A statistical analysis of Nigeria’s 2023 general elections has found that electoral irregularities were not limited to any single political party, with strongholds of the Labour Party (LP) recording the highest concentration of anomalies.
The study, conducted as part of a master’s thesis in Data Science at Pan-Atlantic University, analysed results from 123,918 polling units across the 36 states and the Federal Capital Territory (FCT). Using advanced statistical tools, including Random Forest classifiers, the researcher identified 4,351 polling units about 3.5 per cent of those analysed as anomalous.
President Bola Tinubu of the All Progressives Congress (APC) won the election with 8,794,726 votes, followed by Atiku Abubakar of the Peoples Democratic Party (PDP) with 6,984,520 votes, while Peter Obi of the Labour Party polled 6,101,533 votes.
According to the analysis, while the proportion of flagged polling units may appear small, the clustering of irregularities in strategic regions could be decisive in tightly contested elections.
The study noted that electoral manipulation during the 2023 polls was unevenly distributed, tending to occur in regions where political dominance reduced scrutiny. It added that the analysis focused only on uploaded result sheets, pointing out discrepancies between some uploaded figures and the final numbers announced by the Independent National Electoral Commission (INEC).
One of the most striking findings cited was Rivers State, which the Labour Party reportedly won based on uploaded results but was ultimately declared in favour of the APC in the final tally.
Contrary to popular perceptions, the report said the Labour Party recorded the highest concentration of statistical red flags in its strongholds.
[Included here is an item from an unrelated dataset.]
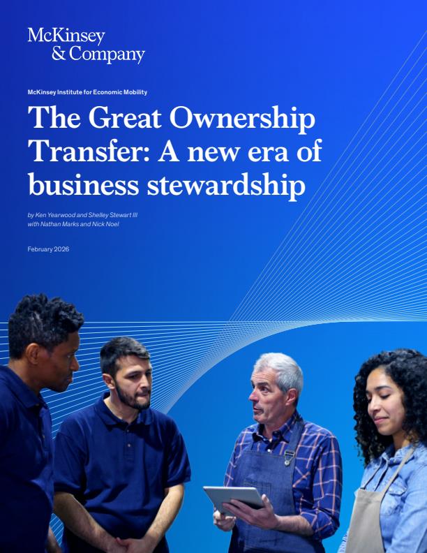 To better understand what’s at stake, the McKinsey Institute for Economic Mobility (IEM) has conducted new research on the future of small-business succession in the United States. By 2035, we estimate that about six million SMBs will be on the market as their owners retire. More than one million of these firms are viable candidates for sale or employee ownership, representing $5 trillion in enterprise value that could remain productive if ownership transfer becomes routine rather than exceptional (see sidebar, “About the research”).

It identified 2,328 instances of “perfect scores” results clustering around suspiciously round figures such as 50.00 per cent or 75.00 per cent within LP-dominated areas.
Despite securing just 29.1 per cent of the national vote, the LP accounted for a disproportionately high share of these anomalies, the study found.
The researcher argued that this complicates the prevailing narrative that electoral fraud in 2023 was centrally orchestrated by the ruling party alone, suggesting instead that multiple political actors manipulated results where opportunities existed.
“The southeastern concentration suggests that the very regions crying loudest about being cheated may themselves have been sites of significant irregularities,” the report stated, while clarifying that Peter Obi remained genuinely popular in the South-East.
According to the study, it was Obi’s overwhelming popularity in the region that may have provided cover for manipulation, noting that fraud is more difficult to execute in closely contested areas.
The research concluded that Nigeria’s 2023 presidential election was neither catastrophically fraudulent nor fully free and fair, describing it as a reflection of evolving tactics in electoral malpractice.
“Crude ballot stuffing appears to be declining, replaced by subtler manipulation of vote distributions,” the study observed, adding that modern fraudsters now report more “plausible” figures that are harder to challenge but still fraudulent.
The researcher recommended independent audits of election data, mandatory real-time transmission of results, unbundling INEC’s responsibilities, stronger in-house technical capacity, and the visible prosecution of electoral offenders to strengthen future elections.